Qualche volta, quando cerchi di ricordare un viso, un’espressione, la tua memoria fa cilecca. E più ti sforzi, più il viso che cerchi diventa un’immagine sfumata, dai contorni indefiniti. Ti vengono in mente altri visi, altre espressioni. Lo sforzo immane, alla fine, ti convince che il viso che cerchi è una cosa a metà tra due visi, oppure un incrocio tra un viso ed un’espressione.
Stamattina il tuo volto non ce l’ho. Mi manca, come mi mancavano le figurine per completare la collezione di giocatori, che poi non trovavo mai.
Poca gente, stamattina in spiaggia. Barche rovesciate, il moscone in secca. Gli ombrelloni aperti i bambini che giocano sul bagnasciuga, dove qualche anziano passeggia, in pantaloni bianchi e camicia a fiori.

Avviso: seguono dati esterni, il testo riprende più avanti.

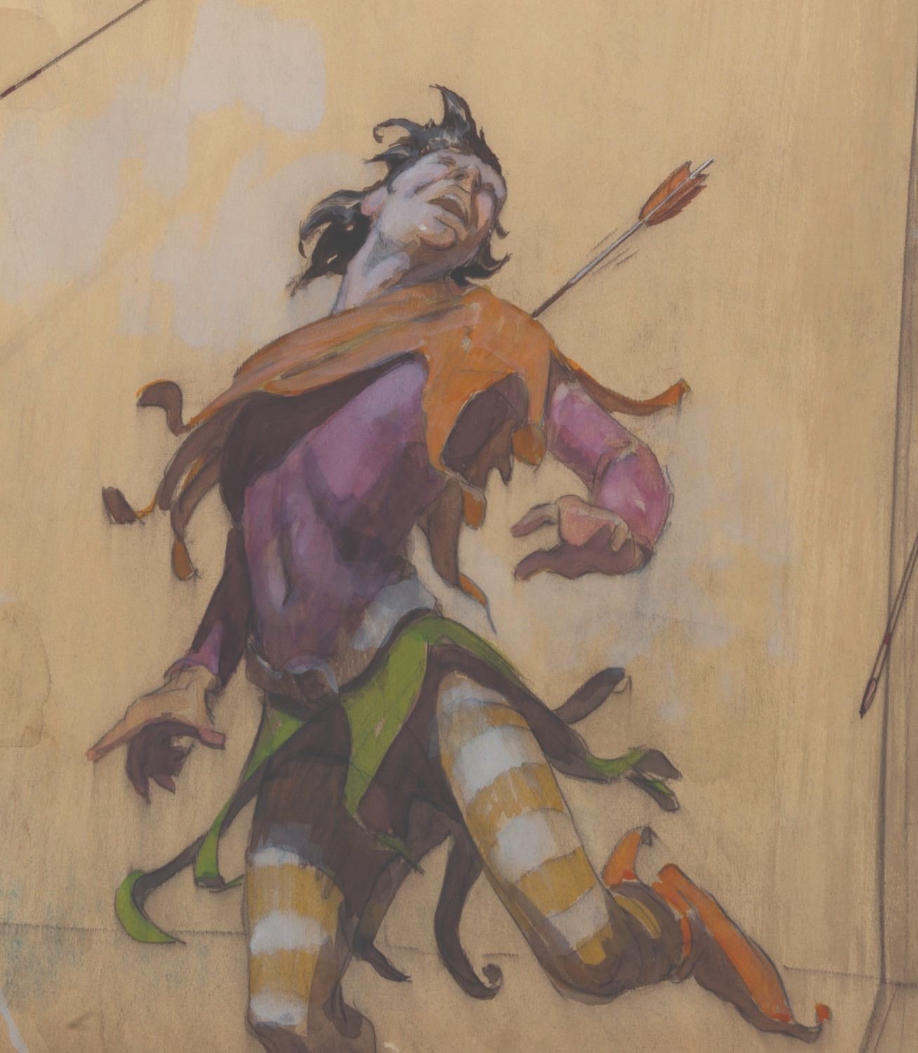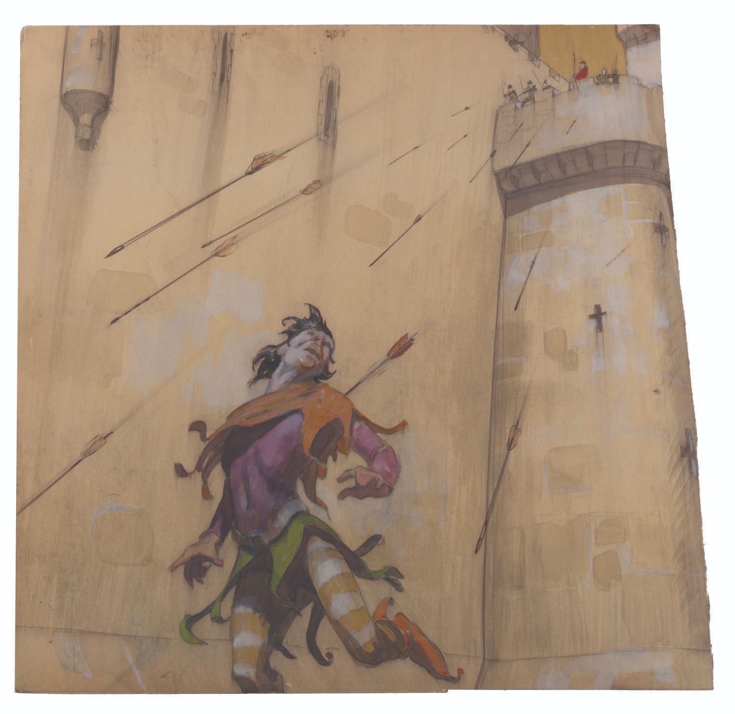 (Disney, 1953) A dramatic piece of original concept art from the 1953 adventure film “The Sword and the Rose,” produced by Walt Disney. The film, starring Glynis Johns and James Robertson, tells the story of Mary Tudor and King Henry VIII. Accomplished in pencil and watercolor on illustration board, the 19” x 19.5” concept art displays in very good condition with edge wear and a small scuff on the man’s chin.

E’ agosto, ma ormai il sole non mi scalda più come ha fatto fino a ieri.
Mi guardo intorno, cercando di trovare qualche cosa, una cosa qualsiasi, che mi ricordi qualcosa di te. Nulla. Tutto quello che resta qui di noi assieme è questa scritta sul muretto, fatta con il pennarello, fatta la prima sera che siamo usciti assieme, dopo esserci baciati. La leggo e la rileggo, cercando di vederci il tuo viso, tra i tratti incerti di inchiostro indelebile.
Qualcuno siederà qui al mio posto domani. E forse, riuscirà a vederci quello che io non riesco.
Prendo il cellulare e provo a mandarti un ultimo saluto. Vorrei dirti che ti rivedrò presto, che verrò a trovarti a casa tua, a Firenze, come ti ho promesso mille volte.
Non ho il tuo numero. Forse non l’ho mai avuto. Non so cosa chiedere al mio cellulare, per poterti scrivere, salutare, parlarti ancora una volta.
Forse anche questa volta sono stato vigliacco e ho avuto paura di innamorarmi. Forse ho cancellato l’unico legame che avevo con te, il tuo numero.
Quello che so è che ora non faccio altro che mandare messaggi a grappolo, a numeri che sembrano il tuo, sperando di convincere il caso che sono veramente innamorato. Anche se non lo voglio ammettere neanche a me stesso.
Un’altra possibilità. La voglio. La pretendo.
Basterebbe sentire la tua voce. Basterebbe per addolcire questa tristezza che mi sta mangiando vivo, che mi sta facendo respirare a fatica.
Nessuno mi salverà da questa giornata.
Rimarrei qui tutta la vita, se servisse a rivederti. O a risentirti. Perché so che prendere la macchina e farmi trecento chilometri di autostrada per tornare a casa senza ricordare il tuo viso potrebbe uccidermi.
Sbatto la testa sul muretto e piango.
Piango perché sono stato egoista e l’egoismo andrebbe abolito per legge. Andrò al bar e ordinerò una vodka. Poi un’altra, sperando che l’alcol riesca a cancellare questa mia voragine.
Dopo mi sdraierò qui sul muretto. Con la testa sulla nostra scritta.
Aspetterò che passi anche l’ultimo giorno al mare.